Старое ароматное вино стало давать себя чувствовать; такие вина прежде всего предательски действуют на ноги, и голова, остающаяся свежей, долго не замечает измены своих союзников. Поэтому прежде, чем начать вторую бутылку рейнвейна, я встал и проэкзаменовал их в прогулке по погребу. Мои собеседники налегли на ликеры и «освежались» после них Нюи; щеки их пылали, как вино.
Лазо пристал к Булкину, чтобы тот прочел свои стихи.
— Не писалось все лето! — ответил Булкин. — Нового нет ничего! — Он залпом опорожнил стакан крепкого Нюи и взял стоявшую около стены гитару. — Новую частушку у нас на деревне слышал, хотите? — Он перебрал струны.
— Просим!!
— Золото мое колечко
На руке вертелося… —
почти фальцетом вполголоса завел он.
— Мои глазки нагляделись
На кого хотелося…
Дороги мои родители
За мила дружка бранят—
Они сами таки были,
Только нам не говорят…
Сидит милый на крыльце
С выражением в лице.
Я не долго думала,
Подошла да плюнула!
Лазо хохотнул и стукнул кулаком. — Свиньи!! — воскликнул он.

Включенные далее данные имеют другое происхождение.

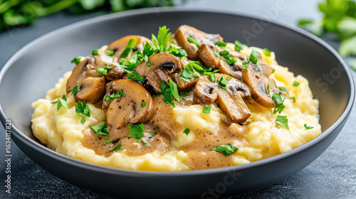 Creamy mushroom sauce over fluffy mashed potatoes garnished with fresh herbs creates delightful
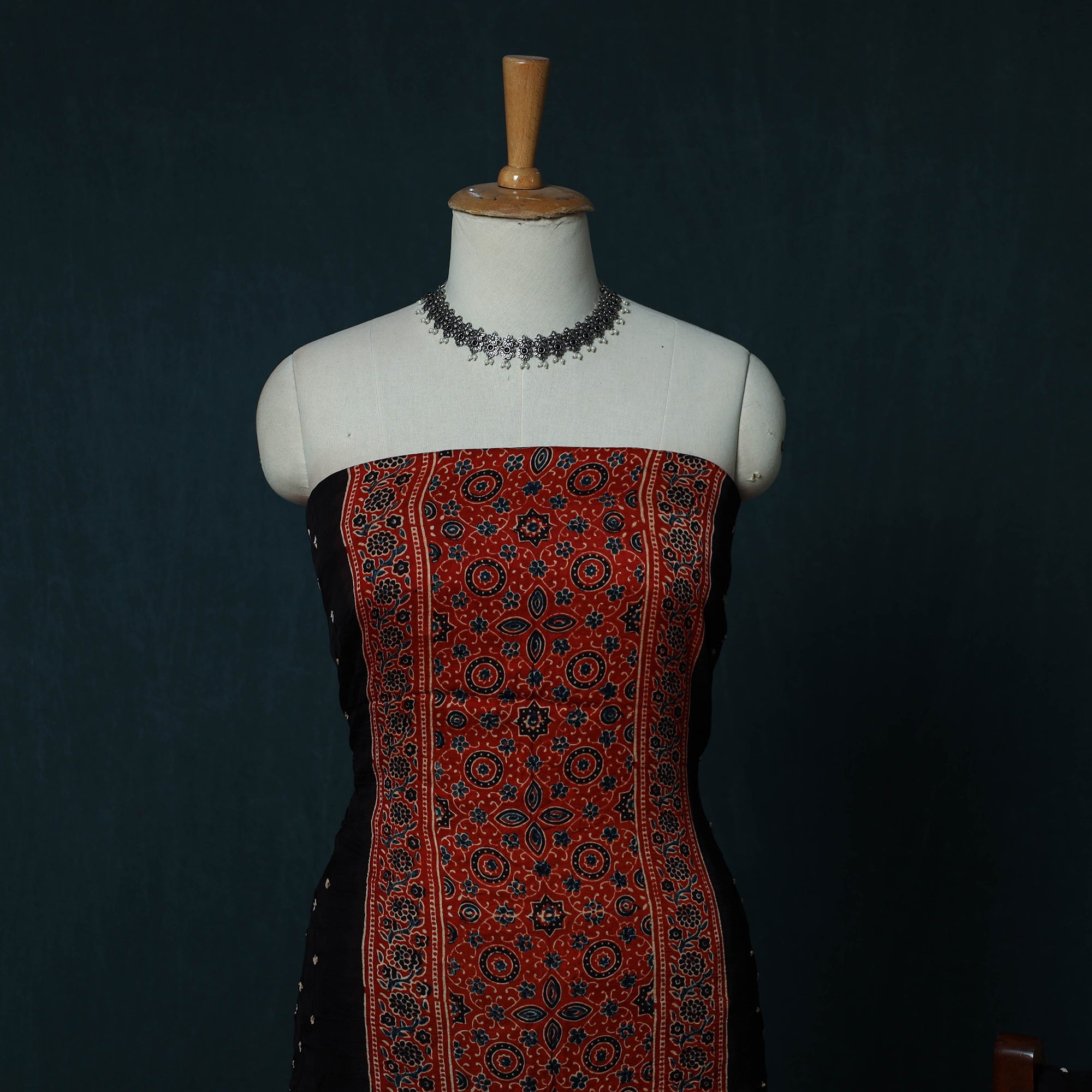 Kutch ajrakh bandhani tie-dye modal silk 3pc unstitched dress material suit set comes from Kutch, Gujarat, known for its rich textile traditions. This piece is made by skilled master artisan Shabana Khatri. It features two age-old techniques bandhani and ajrakh block printing. In Bandhani, small sections of fabric are tightly tied before dyeing to create fine dotted patterns. Ajrakh involves a detailed process of hand block printing in multiple stages, creating layered geometric and symmetrical patterns. Made in modal silk, the set includes fabric for kurta, bottom and dupatta with a Lagdi Patta border. It can be tailored into various styles like straight suits, anarkali, or fusion wear, making it suitable for occasions as well as refined everyday outfits.

— Ах, мой милый любит трех,
А меня четверту!
А я милому сказала —
Убирайся к черту!
Нежность и тоска вдруг зазвучали в голосе певца:
— Сизокрылый голубочек
До смерти убился,
А неверный мой дружочек
На другой женился!
Все бы пела да плясала,
Все бы веселилася,
Кабы старая любовь
Назад воротилася… —
совсем тихо, говорком закончил Булкин; струнные аккорды затушевали последние ноты.
— Превосходно! — невольно воскликнул я — с таким мастерством, юмором и чувством была исполнена песня.
Лазо сидел, привалясь боком к бочке-столу, вытянул ноги и медленными глотками отхлебывал густое вино.
— Забавно! — проронил он. — А и пакость же, в сущности говоря, эти частушки!
— Чем? — осведомился Булкин. — Новая народная поэзия…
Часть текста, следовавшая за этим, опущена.